◆ EXERCISE GOAL: When you reach the line that contains "Stone wird jetzt" in the data below, start reproducing lines exactly, and stop after the line that contains "近日,海淀区委统战部召开20".

◆ EXTRACTED DATA:
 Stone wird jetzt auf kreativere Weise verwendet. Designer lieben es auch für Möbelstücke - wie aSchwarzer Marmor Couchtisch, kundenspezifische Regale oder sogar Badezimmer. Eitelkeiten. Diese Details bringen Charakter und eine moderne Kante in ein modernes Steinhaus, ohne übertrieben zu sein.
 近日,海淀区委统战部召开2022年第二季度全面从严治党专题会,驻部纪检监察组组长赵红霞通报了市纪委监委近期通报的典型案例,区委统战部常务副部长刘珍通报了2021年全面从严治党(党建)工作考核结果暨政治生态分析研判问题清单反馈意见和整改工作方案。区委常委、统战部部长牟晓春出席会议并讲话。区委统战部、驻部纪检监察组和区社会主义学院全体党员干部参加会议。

--

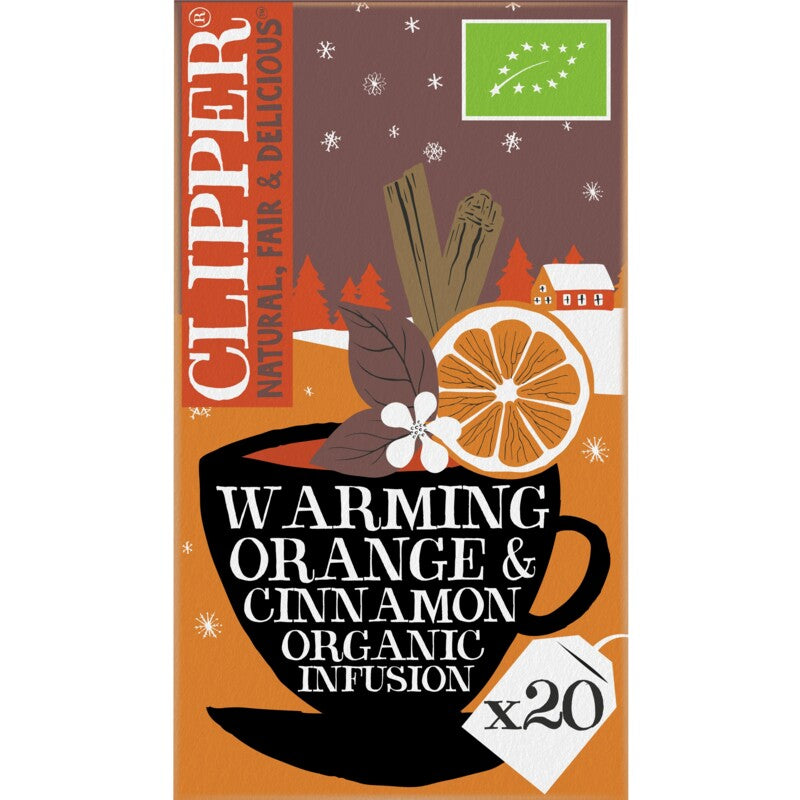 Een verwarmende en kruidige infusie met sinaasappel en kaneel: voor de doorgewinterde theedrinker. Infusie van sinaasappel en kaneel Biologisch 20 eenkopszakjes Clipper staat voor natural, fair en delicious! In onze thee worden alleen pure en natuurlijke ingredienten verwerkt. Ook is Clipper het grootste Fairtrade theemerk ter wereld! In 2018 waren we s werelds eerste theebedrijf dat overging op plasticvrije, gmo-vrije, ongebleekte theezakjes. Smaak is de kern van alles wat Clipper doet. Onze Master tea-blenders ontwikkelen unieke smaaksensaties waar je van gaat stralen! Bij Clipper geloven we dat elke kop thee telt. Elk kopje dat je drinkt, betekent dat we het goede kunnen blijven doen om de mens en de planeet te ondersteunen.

---

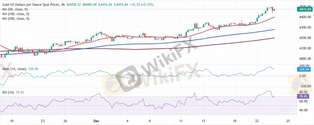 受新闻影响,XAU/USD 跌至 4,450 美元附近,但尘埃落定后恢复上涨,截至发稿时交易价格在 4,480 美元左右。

◆ FINAL ANSWER:
 Stone wird jetzt auf kreativere Weise verwendet. Designer lieben es auch für Möbelstücke - wie aSchwarzer Marmor Couchtisch, kundenspezifische Regale oder sogar Badezimmer. Eitelkeiten. Diese Details bringen Charakter und eine moderne Kante in ein modernes Steinhaus, ohne übertrieben zu sein.
 近日,海淀区委统战部召开2022年第二季度全面从严治党专题会,驻部纪检监察组组长赵红霞通报了市纪委监委近期通报的典型案例,区委统战部常务副部长刘珍通报了2021年全面从严治党(党建)工作考核结果暨政治生态分析研判问题清单反馈意见和整改工作方案。区委常委、统战部部长牟晓春出席会议并讲话。区委统战部、驻部纪检监察组和区社会主义学院全体党员干部参加会议。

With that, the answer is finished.